Study Finds Early Retirement May Worsen Cognitive Decline

A new study carried out by researchers at Binghamton University has found that retiring at an early age may speed up cognitive decline among the elderly. Assistant economics professor Plamen Nikolov led the study, with the help of economics doctoral student Shahadath Hossain.

The researchers’ objective was to determine how retirement plans affected cognitive performance. They focused on Asia, which has recorded a decline in fertility and has a higher life expectancy, meaning the elderly make up the biggest demographic. This has created a need for better sustainable pension systems.

For their study, the duo examined data obtained from the Chinese Health and Retirement Longitudinal Survey and China’s New Rural Pension Scheme. The Chinese Health and Retirement Longitudinal Survey is a nationally representative survey of individuals aged 45 and above in China. The survey directly tests participant cognition with a focus on components of intact mental status and episodic memory.

They also obtained data detailing the socioeconomic and behavior characteristics of participants in the new pension scheme. This led to the discovery that the new retirement program caused adverse effects on cognitive functioning among the elderly. The researchers observed delayed recall, a predictor of dementia, in most participants, noting that the program also affected females more negatively in comparison to their male counterparts.

Nikolov explained that their findings supported the mental retirement hypothesis that reduced mental activity caused cognitive skills to worsen.

The researchers also found that while retirement and pension benefits caused improvements in participant health, it also influenced social activities and engagement as well as activities linked to mental fitness negatively.

In their report, Nikolov stated that participants reported significantly lower social-engagement levels, with substantially lower volunteering and social interaction rates with those who didn’t benefit from the program. He explained that increased social isolation was strongly associated with faster decline in cognitive function among older individuals.
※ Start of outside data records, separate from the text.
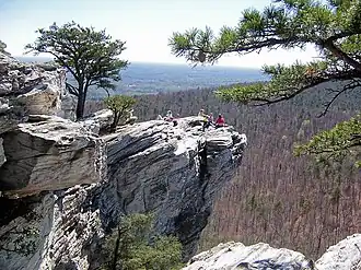 The protected areas of North Carolina cover roughly 3.8 million acres, making up 11% of the total land in the state.[1] 86.5% of this protected land is publicly owned and is managed by different federal and state level authorities and receive varying levels of protection.[1] Some areas are managed as wilderness while others are operated with acceptable commercial exploitation.[1] The remainder of the land is privately owned, but willingly entered into conservation easement management agreements, or are owned by various nonprofit conservation groups such as the National Audubon Society and The Nature Conservancy.[1] North Carolina contains 1 National Park, and various other federally owned protected land including 2 National Seashores, 5 National Forests, 12 Wildlife Refuges, and the southern half of the Blue Ridge Parkway. North Carolina has an extensive state park system of 42 open units, 35 of which are state parks, 4 that are recreation areas, and 3 staffed state natural areas, along with other designated units managed by the North Carolina Department of Natural and Cultural Resources.[2]
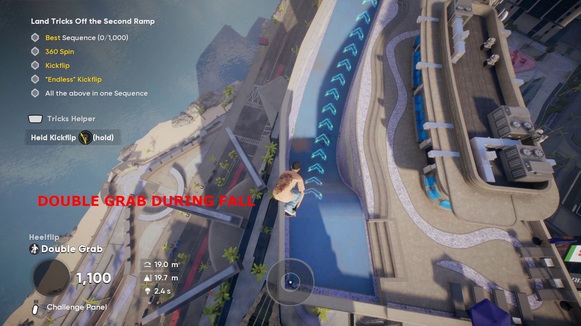 If you’re consistently underestimating your landing distance, try making small, gentle adjustments with the left joystick while on the blue ramp. Pressing the stick too hard actually slows your skater down, so use a light touch. Also, be sure to perform the double grab as you approach the ramp and time your kickflip for the very last moment.
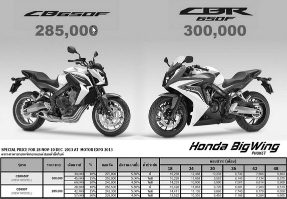 สำหรับฮอนด้า cbr650f ราคาผ่อน ตอนเปิดตัวนั้นก็อยู่ประมาณนี้ โดย ดาวน์ขั้นต่ำที่ 10 % ของราคารถ คือ 30,000 บาท ผ่อนนาน 48 เดือน ผ่อน 6694 บาท ต่อเดือน

He then noted that while the retirement program did improve some health behaviors, the adverse effects of early retirement on social and mental engagement substantially outweighed its benefits.

The researchers were also surprised to observe that their findings were similar to those seen in higher income nations such as England and the United States. This, they said, showed that retirement affects individuals in different areas in similar ways.

The researchers are hopeful that the study will be useful in the creation of new policies to improve cognitive functioning among the elderly following their retirement.

The study’s findings were published in the “Journal of Economic Behavior & Organization.”